Framing the issue is on my mind because the issue of these Finals and this Miami Heat team seems to have been distorted. On Twitter, I had seen references made to a bizarre question, and on SportsCenter last night I heard it asked again — this time to Kurt Rambis:
If the Heat didn’t win this championship, was the “Big 3” experiment a failure?
When the question is posed this way — posed as “the issue” — it implies that it’s a good question worthy of arguments on both sides. It isn’t and it isn’t.

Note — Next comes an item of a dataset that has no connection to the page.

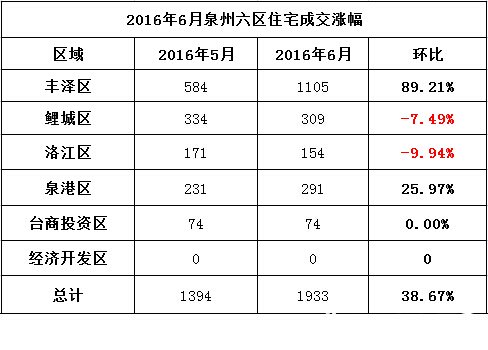 與5月份成交相比,豐澤區成交量基本翻一番,環比上漲89.21%;鯉城區與洛江區成交量均下跌,其中,洛江區環比下跌9.94%,鯉城區環比下跌7.49%;泉港區環比上漲25.97%;臺商投資區成交量與5月持平。

Even if the Heat lost last night, or in Game 6, or even in the Eastern Conference Finals against Indiana, the “experiment” of re-signing Dwyane Wade and acquiring LeBron James and Chris Bosh in free agency was a wild success.
In the four years preceding “The Decision,” Miami had win totals of 47, 43, 15, and 44. The Heat hadn’t advanced beyond the first round of the playoffs since the title season in 2006. Their only high draft choice was used on Michael Beasley instead of superstars to be Kevin Love or Russell Westbrook. In the Summer of 2010 the only thing Miami had going for it was an attractive market and a whole lotta cap space.
When those ingredients plus Pat Riley’s brilliant puppet mastery led to the retention of D-Wade and acquisitions of King James and Bosh, the entire conversation changed. The challenge of the previous seasons — escaping the first round — was immediately supplanted by questions of whether the Heat would win “not one, not two…” championship rings.
As you know, the Big 3 has now been to all three possible Finals as a trio, they’ve won two rings, and they are by far and away the biggest hit show that travels to NBA arenas every season.
The way that question is posed — focusing on “the experiment” — suggests that there was some plausible alternative that might’ve been better than this embarrassment of riches. Should Riley have focused on Carmelo instead of LeBron? Should he have kept Mike Beasley and stayed away from Chris Bosh? It’s nonsense. Even if Ray Allen’s three rimmed out, or the Spurs had rallied to take Game 7 last night, the Miami Heat off-season of 2010 would’ve gone down as one of the greatest in league history.